A cyclist who had nine hours of surgery to remove a tumour size of a golf ball from his brain is back on his bike, cycling 725 miles in a selection of sporting events this year.

In doing so, Paul Potter has raised more than £1,600 for three important charities; Cancer Research Wales, Brain Tumour Research and Macmillan Cancer Support.

During his challenge Paul spent a total of 56 hours 35 minutes in the saddle; cycled a total of 725.58 miles at an average speed of 12.7mph.

Western Telegraph: Paul cycled 725 miles to support three charities close to his heart.

Eleven years ago, Paul was about to start treatment for prostate cancer when he was diagnosed with a brain tumour.

Ten years before that, the dad of three had lost his wife to cancer at the age of 41 - leaving three young children aged just seven, nine and 11 at the time.
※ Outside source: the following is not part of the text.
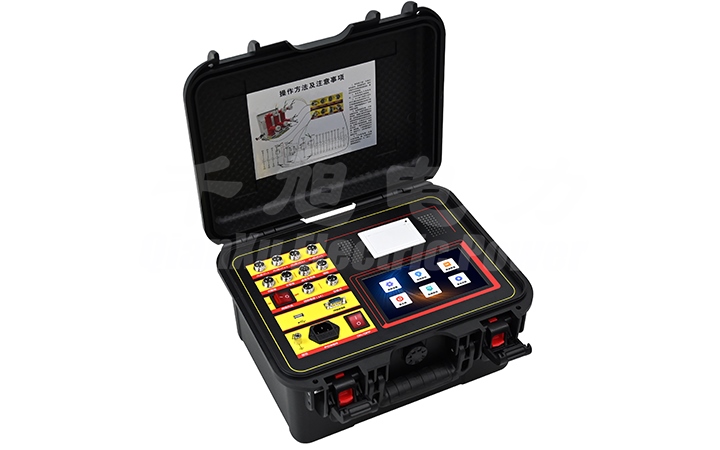 3、机内集成式操作电源,无须现场二次电源,使用方便快捷。可提供DC20~270V可调电源,电流20A。具有短路保护功能,如发生短路现象,1ms停止电压电流输出,发出滴滴报警声响,提示操作人员检查线路。双回路电源设计,如合闸或分闸控制回路中的一路损坏,用另一路也可测试合闸和分闸。

Warning signs for Paul, now aged 67, came in the form of regular and persistent sharp pains in his head, just behind his right eye. He had also become sensitive to light.

Paul was referred for an urgent MRI scan just before travelling to London to start radiotherapy.

Western Telegraph: Paul cycled 725 miles to support three charities close to his heart.

When he arrived at hospital, he was advised that his treatment for prostate cancer would have to be halted, as the MRI scan had revealed a golf ball-sized tumour in his right frontal lobe.

Paul had a nine-hour craniotomy at Kings College Hospital to remove the tumour which was a was low-grade meningioma.

Paul stayed at the Simon Patient Lodge at St Thomas’ Hospital for two weeks before he was able to go home to Fishguard.

The following March he resumed the prostate cancer treatment and had 37 sessions of radiotherapy at the Singleton Hospital in Swansea.

Western Telegraph: Paul cycled 725 miles to support three charities close to his heart.

A keen cyclist, Paul’s fundraising rides this year include the Daffodil Ride in Llandovery, three big Pembrokeshire bike rides and challenges on the Isle of Wight and in Cambridgeshire, Anglesey and Margam Park.

“Cancer has played a considerable part in my life, and the lives of other members of my family,” said Paul.

“I wanted to try to appeal to the general public to help me raise funds for the three nominated charities in order to help others who have suffered similar.”

Paul’s fundraising pages and bucket collections have raised a total of £1,615.

This will be distributed as follows; £570 to Brain Tumour Research, £590 to Cancer Research Wales and £458 to MacMillan Cancer Support.

“The donations received from so many people have spurred me on throughout this campaign,” said Paul.

“I would like to personally thank each and every one who has selflessly donated to such worthy cancer causes because without these generous funds, these cancer charities would not be able to continue to help support families, and research cancers, which inflict people and families in so many ways.

Western Telegraph: Paul cycled 725 miles to support three charities close to his heart.

“Riding some of the challenging terrain the Welsh hills has only been undertaken knowing that what pain and suffering I may have been going through on my road bike pales into insignificance when compared to that experienced by families who have had to endure the agony of such an appalling disease as cancer.

“I hope that my small amount of donations raised will help empower more money to be channelled and directed to the various charities which are there to support those suffering, or who have suffered in the past.

“Along the way, I bolted on a couple of extra rides to support other local cancer charities, and it could have be fairly easy not to stop doing so, but I had to call a halt to it at some stage (as I don't think my knees could have taken much more pounding!), and to end riding a sportive in Pembrokeshire was a timely opportunity to do so.”